[TMS+26] — Act or Clarify? Uncertainty and cost in communication #
When should an agent ask a clarification question (CQ) rather than act under uncertainty? [TMS+26] predict and confirm that CQ rates depend on contextual uncertainty (ε) about the interlocutor's goal and the cost (δ) of safe actions, interacting: uncertainty matters most when acting incorrectly is costly.

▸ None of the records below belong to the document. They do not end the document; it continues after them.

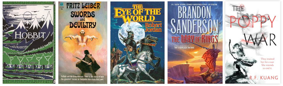 Again, I’d argue that the best example of a genre is the first one, and in this case that is The Hobbit (1937) by J.R.R. Tolkien. Other wonderful examples of high fantasy include Swords and Deviltry (1970) by Fritz Leiber, The Eye of the World (1990) by Robert Jordan, The Way of Kings (2010) by Brandon Sanderson, and The Poppy War (2018) by R.F. Kuang.
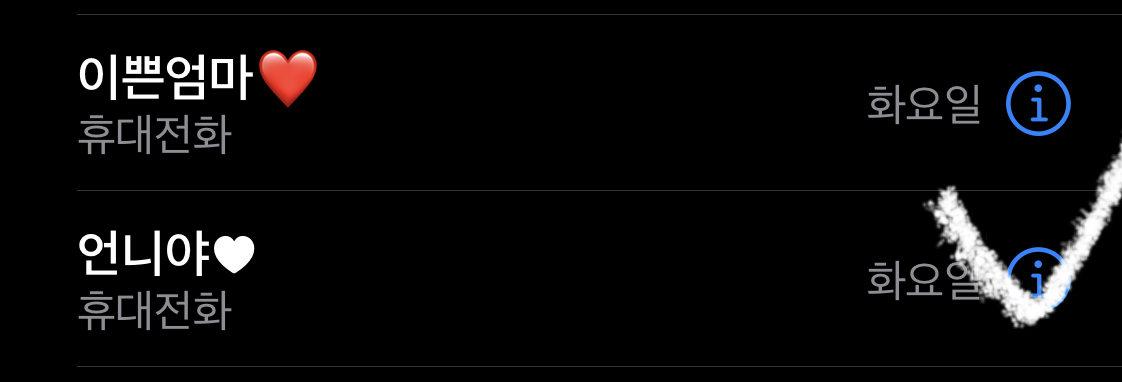 어릴 때 저장한 이름 그대로 안 바꿔서 조금 부끄럽지만 ㅋㅋㅋㅋㅋ 여기서 막간 복습을 해보자면 ㅎㅎ 위에 하트는 아이폰 하트, 아래 하트는 안드로이드 하트이다.
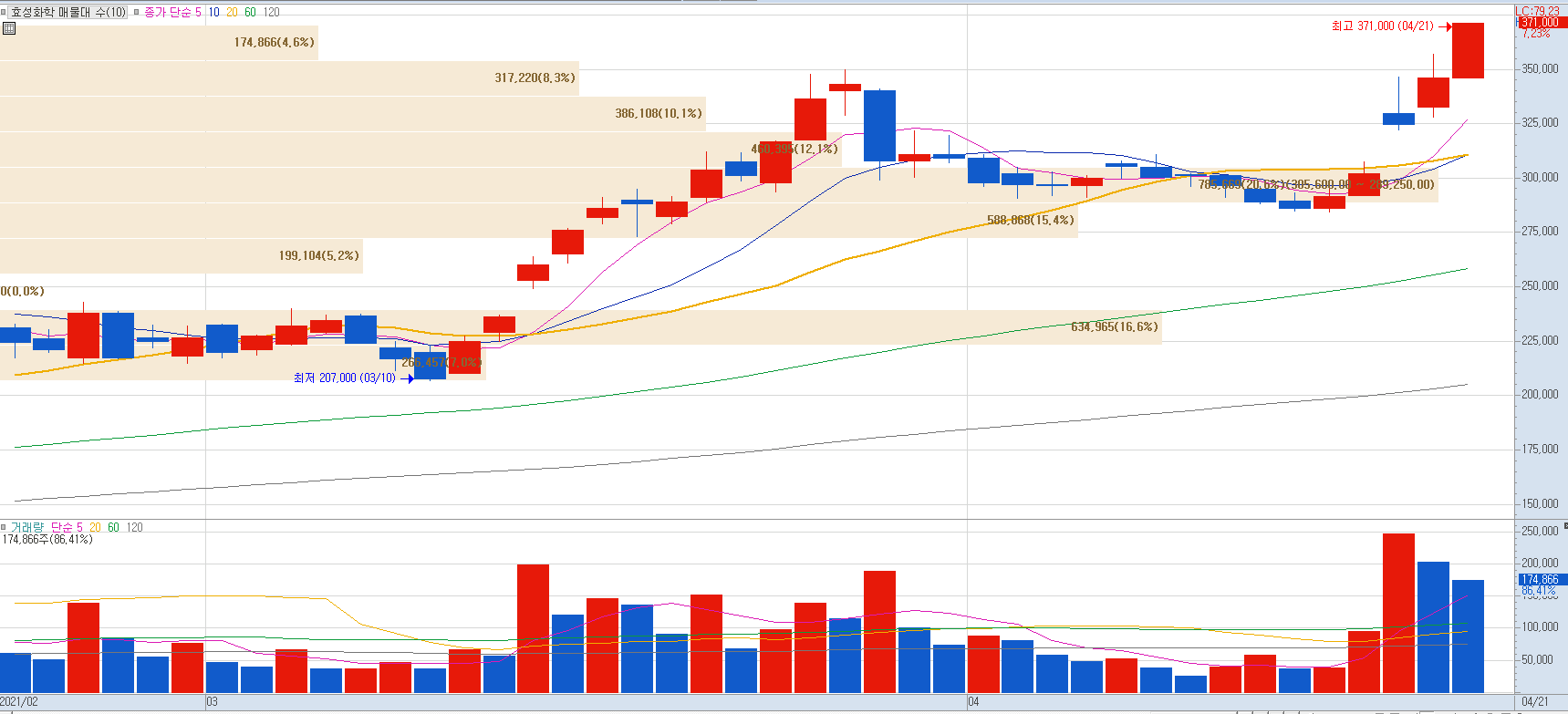 금호석유화학의 올해 1분기 매출액은 1조 6300억 원으로 전년 동기 대비 33% 늘며 영업이익 전망치가 5000억 원을 넘었을 것으로 추정하고 있습니다. 이는 분기 기준 사상 최대 규모로
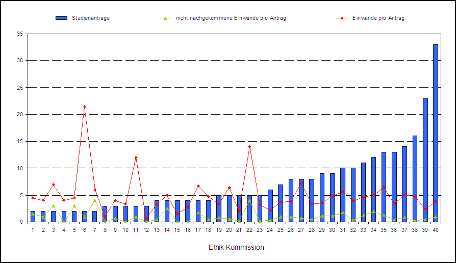 Abbildung 3: Anzahl der Studienanträge und Anzahl der Einwände pro Antrag; Verteilung auf die in der Umfrage involvierten 40 Ethik-Kommissionen
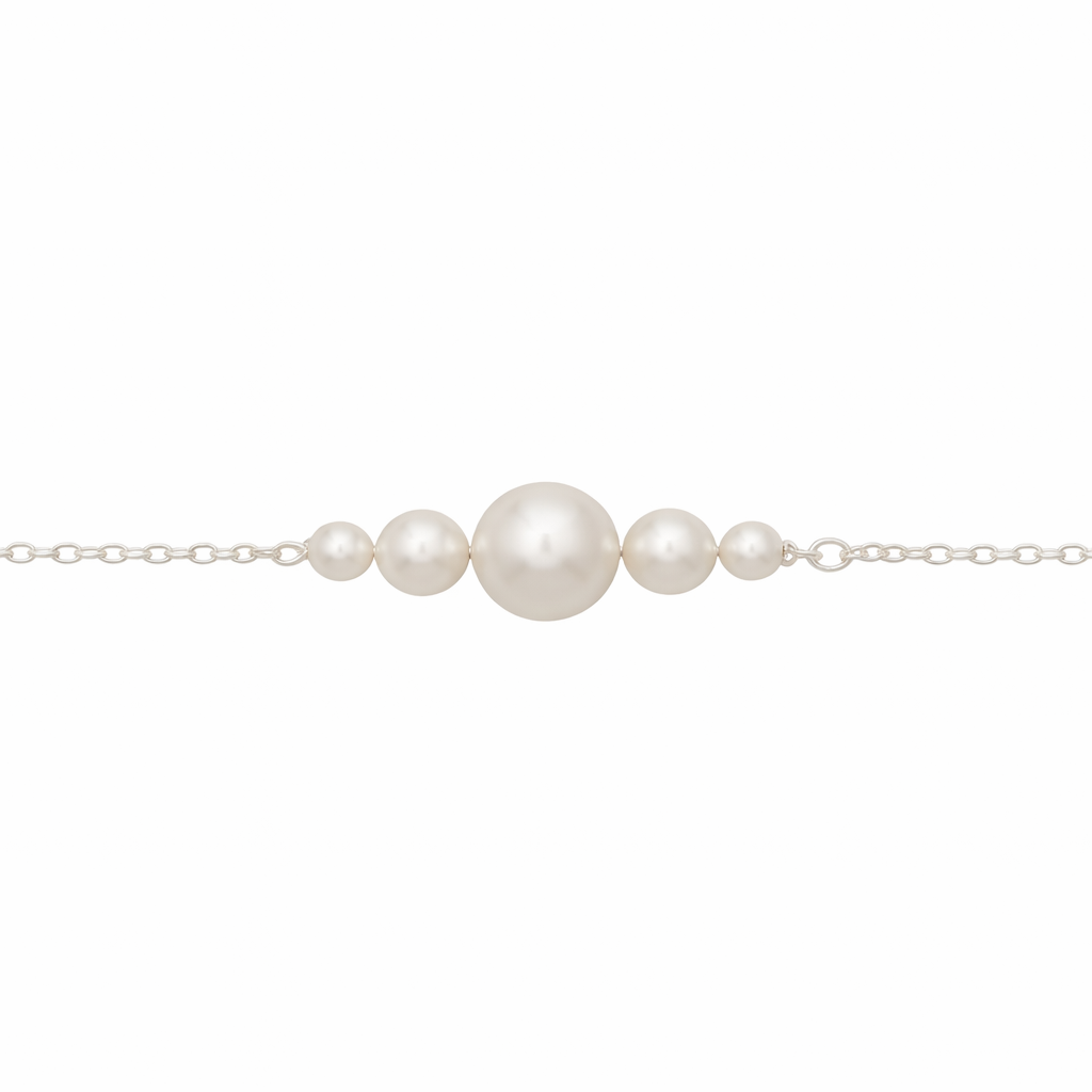 This elegant bracelet features a central arrangement of five lustrous white pearls, gracefully graduated in size for a timeless aesthetic. Set on a delicate sterling silver chain, the minimalist design highlights the natural beauty and symmetry of the pearls. Perfect for daily wear or special occasions, this piece adds a touch of sophistication to any outfit.

The paper's computational model is layered decision theory, not RSA: a
decision problem ⟨G, P, R, U⟩ with P(g₂) = ε and exhaustive-answer
utility 1 − δ; a behavioral policy π = SoftMax(α · EU) over the
goal-marginal expected utility EU(r) = Σ_g P(g)·U(g,r); and a CQ gate
P(r_cq) = Logistic(τ · (ExpRegret(r*) − c)), where ExpRegret(r*) is the
expected regret of the best action — the expected value of perfect
information ([RS61]). This file formalises all three
layers, building on Core.DecisionTheory.DecisionProblem; evpi below
identifies the paper's ExpRegret with EVPI.
Main statements #
evpi_eq_min— for the paper's decision problem the expected regret of the best action has the closed formmin ε δ: the uncertainty/cost interaction in one equation.policy_prefers_exh_of_uncertain/policy_prefers_ms1_of_confident— the behavioral policy flips from the matching mention-some to the safe exhaustive answer as uncertainty crosses cost (δ < ε).tl_justAsk,noNeedToAsk,worthAsking,uncertainty_matters_most_when_costly— the gate-level predictions, for everyτ > 0and thresholdc(noNeedToAskis an exact equality, the paper's null prediction).reaction— the layered mixture: clarify with the gate probability, otherwise act bypolicy.L1_exh_transmits_prioretc. — an RSA reinterpretation (this file's extension, not the paper's model): the goal-conditioned speaker — the ε → 0 / post-clarification limit ofπ, [HTB+25]'s action-utility respondent R₁ at β = 1, w_c = 0 — inverted by a Bayesian listener. The paper's model contains no listener.
Implementation notes #
Parameter provenance (Bayesian posterior means fitted to Exp 1): δ_L = 0.32,
δ_S = 0.11 (large/small option space), ε_H = 0.49, ε_L = 0.17 (high/low
uncertainty), τ = 3.60, c = 0.18. The gate-level prediction theorems hold
for all τ > 0 and c, so the fitted values matter only through the
orderings δ_S < ε_L < δ_L < ε_H ≤ 1/2. In the RSA section exhVal = 1 − δ
and the priors 83 : 17 and 51 : 49 are (1 − ε) : ε; α = 1 there is this
file's choice (the paper's α has prior N(5, 1)) — the strict-preference
theorems are stated for any α > 0.
Expected value of perfect information #
[RS61]'s EVPI over a Core.DecisionTheory.DecisionProblem:
the gap between the oracle value (expected utility under perfect
information) and the value of acting now. EVPI is the maximum possible
questionUtility ([vR03a]) — it equals questionUtility on the
identity partition, so any specific clarification question yields at most
EVPI; it is the paper's ExpRegret(r*) and the upper bound on
[DHH+26]'s VoI.
Maximum utility achievable at world w across actions.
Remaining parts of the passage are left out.